We also need to talk about the added value for the teams and for the organisation of such a calculation, because without a clearly recognisable added value, new procedures should not be introduced at all. This was one of the problems that was often encountered in classic project management, that everything possible was measured for purely statistical reasons and with the corresponding effort, without any significant added value for the team or project organisation being recognisable at all.  

So what added value would a StoryPoint calculation method have? Let’s start with this as an introduction to the description of the method itself. If after this section you are not convinced of the added value of such a method, then save some time and do not need to read any further.  
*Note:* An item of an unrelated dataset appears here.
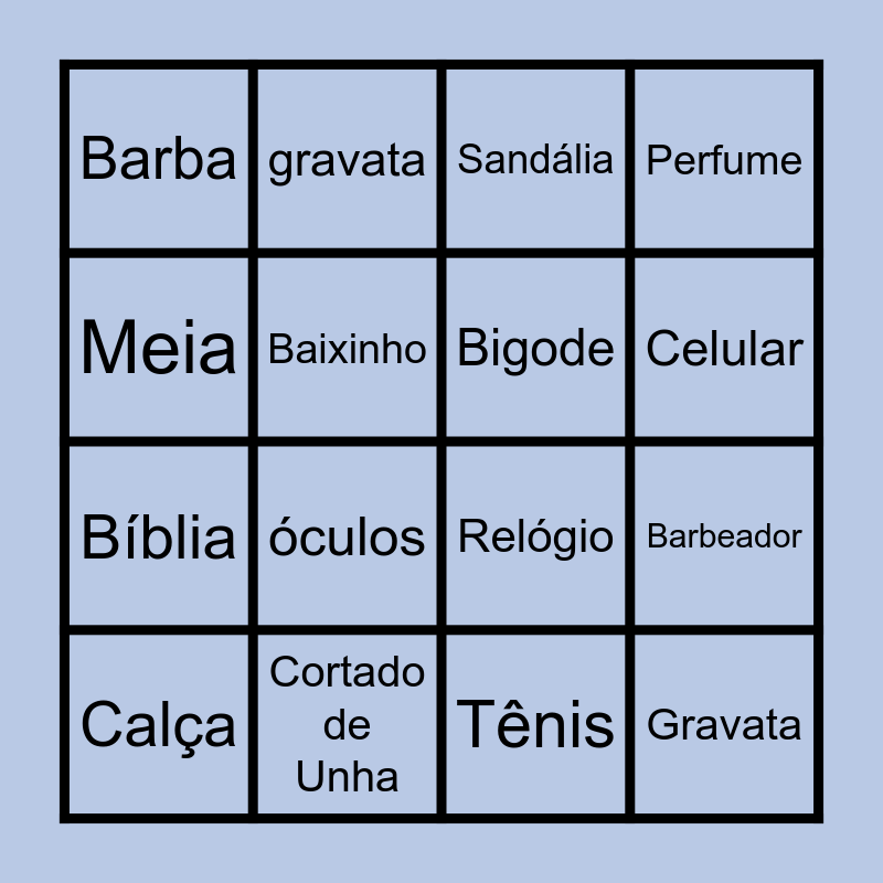 This bingo card has 41 words: Barba, Relógio, Bíblia, Bigode, Camiseta, Sapato, Celular, Cinto, Meia, Gravata, Barbeador, Perfume, Calça, Tênis, Cortado de Unha, Barrigudo, Relógio, Barba, Chapéu, Sandália, Careca, Bigode, Cabelo, Bíblia, calça, cinto, tênis, escova de dente, óculos, perfume, carteira, gravata, Celular, Camiseta, Alto, Baixinho, cortador de unha, ferramentas, barbeador, sabonete and barrigudo.
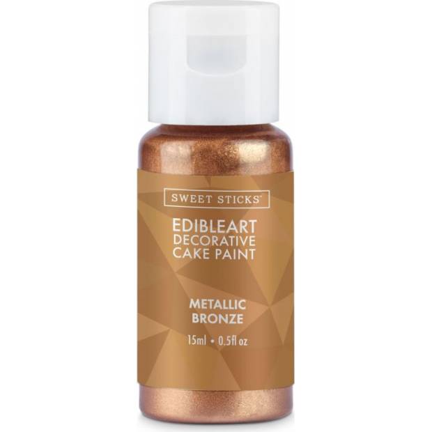 Metalická jedlá umělecká barva Sweet Sticks je perfektní způsob, jak přidat trochu třpytu do vašich lahodných výtvorů. Barva je připravena k použití přímo z lahvičky, takže ji není třeba míchat s žádnými dalšími přísadami. Po nanesení a zaschnutí je pigment uzavřen v povrchu – žádný prach nebo šmouhy. Je vhodná na marshmallows, fondant, ganache, modelovací čokoládu, atd.

StoryPoints have always caused problems, which is why they are so controversially discussed in the communities and within many organisations. Especially when an “agile coach” wants to introduce StoryPoints in a scaled organisation with many teams, resistance often arises, backed up with all kinds of arguments. As StoryPoints are so far team-individual and subjective, they cannot be used by a scaled organisation for planning, forecasting and scenario simulations. Even normalising StoryPoints (e.g. suggested by SAFe) does not change this as much as one would like. The nature of StoryPoints is also often not understood and they are misinterpreted as a measure of effort. Yet StoryPoints are merely a measure of complexity, but who can provide a good definition of the term “complexity”. And that would also have to apply throughout the organisation, and with such a definition we slide into the philosophical anyway. And while we’re on the subject of philosophy, we’re a bit like the philosophers and all the sciences that search for truth when it comes to complexity: We presuppose what we actually want to prove, namely that truth exists at all. In our case, we don’t know exactly how we define complexity, but we do define it. And we do so by means of an individual and subjective estimate. It doesn’t sound like an exact science, and at this point I can understand the critics of the StoryPoint estimate.  

The fact that StoryPoints still exist at all in the critique is simply because they are very important for the agile process. There is not much in the agile process that looks like a number and that we can use to create at least a rudimentary planning and controlling basis, i.e. to measure velocity and get a feeling about whether the agile process is (still) running well or when my MVP can possibly be released. Even for prioritising tasks according to e.g. WSJF (weighted shortest job first), I have to determine the scope of the task (job size) somehow.  

In order not to drag out this argument here, I have summarised everything around the definition and meaning of StoryPoints in this article: 

The point here is not to justify why StoryPoints are important, but what added value their calculation has compared to an individual (made by individuals) and subjective (according to their personal perception) estimate.  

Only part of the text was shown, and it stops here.